QE is supposed to work in a number of ways; it is, for instance, hard to argue that it hasn’t depressed long-term interest rates. Some have benefited from this phenomenon undoubtedly, in particular mortgage holders and large companies, but it doesn’t seem significantly to have reduced the cost or availability of finance to the real economy, which for many smaller companies remains high and scarce.
It was also meant to have led to “portfolio rebalancing”, with investors replacing the bonds bought by the central bank with other assets such as equities. This in turn might have marginally reduced the cost of capital but, again, for the vast majority of privately-owned businesses it has made no difference at all.
Another declared purpose was to raise inflationary expectations, which in turn was meant to boost spending and wages. Again, nil effect, unless you count the scare stories in the early stages of QE of Weimar-style hyper-inflation. In any case, real wages, the chief driver of domestically-generated inflation, have gone nowhere for nearly a decade now.
Expanding the money supply via increased central bank reserves was also supposed to have boosted bankers’ willingness to lend, artificially generating the same “money multiplier” effect that rules in more normal times, when commercial bank lending and money creation is buoyant. Again, there is very little evidence that this occurred.
What very definitely did occur is that small cash savers got squeezed and debtors got bailed out.
The biggest of these debtors were governments, particularly the British, US and Japanese governments. All of them were able to borrow more cheaply than otherwise and, with the central bank mopping up supply, were able to raise a great deal more money. Central banks became enablers of continued deficit spending.
Remove the disciplines of the market, which is in effect what QE does, and governments will spend, if not with outright abandon, certainly with less concern than they would otherwise. Both in Britain and the US, much of the urgency of deficit reduction has been removed by QE. Governments can proceed at a leisurely pace. Heck, why not make deficit spending a permanent feature of the economic landscape?

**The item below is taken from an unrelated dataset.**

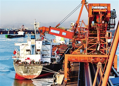 1月9日,一艘轮船靠泊在秦皇岛港煤炭码头装货。据介绍,从2012年12月至今,秦皇岛港在严寒天气下共装运煤炭2649万吨,日均装船比2012年11月提高11.3%,保证了南方电煤供应。 新华社记者 杨世尧摄

An invidious sophistry surrounds official explanations of QE, as well as a blanket denial of what it really is. No central bank will admit the unpalatable truth – that it is backdoor monetisation of government debt – certainly illegal under European law and possibly English law, too. As the Sheffield Institute authors argue, if you are going to use monetary means to finance government spending, you should at least be open and honest about it, as well as have a proper debate about whether QE is really the appropriate way of going about it.

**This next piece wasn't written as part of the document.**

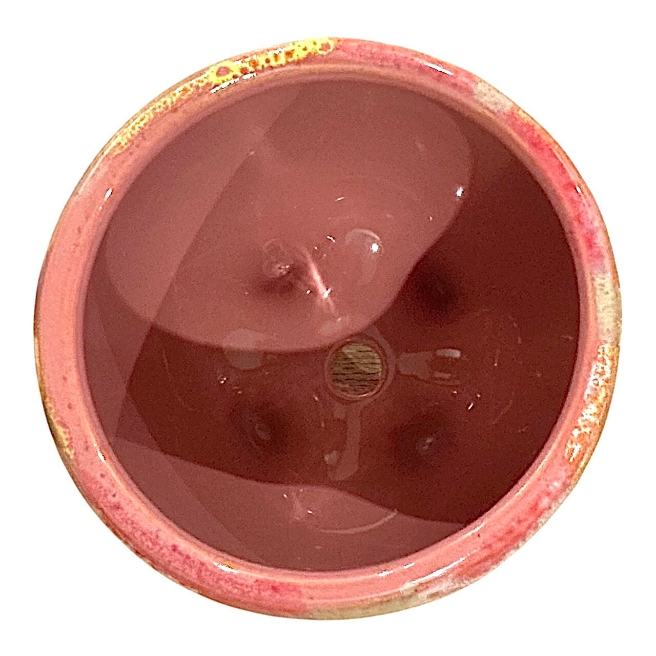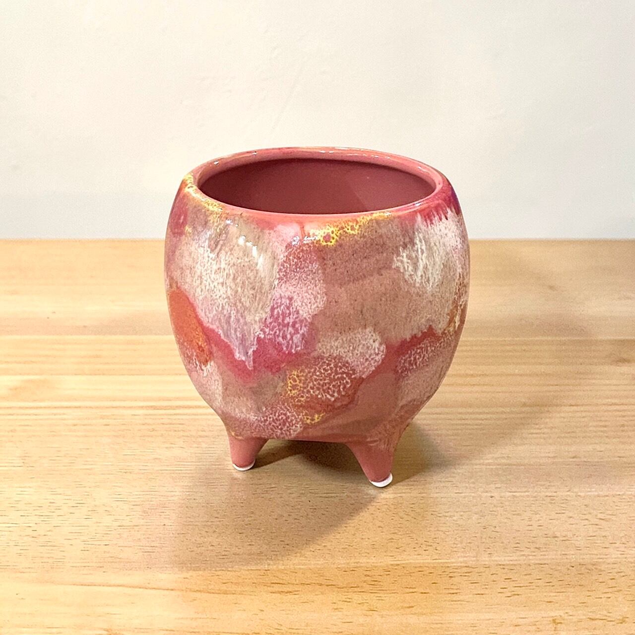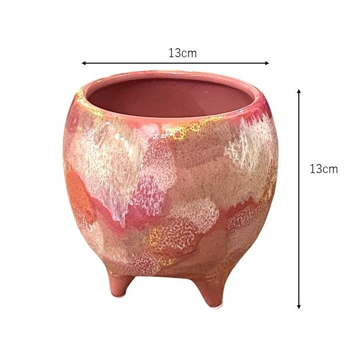 淡いピンクのやさしい色合いが魅力の、陶器製の植木鉢。

In any case, underlying all this monetary manipulation is a deeply depressing set of contemporary assumptions and received wisdoms – that government spending can somehow magic up economic growth; that politicians and regulators know better than markets how productively to allocate investment; that social equality should be the ultimate aim of all government activity. How ironic that QE has succeeded only in making this latter goal even more distant.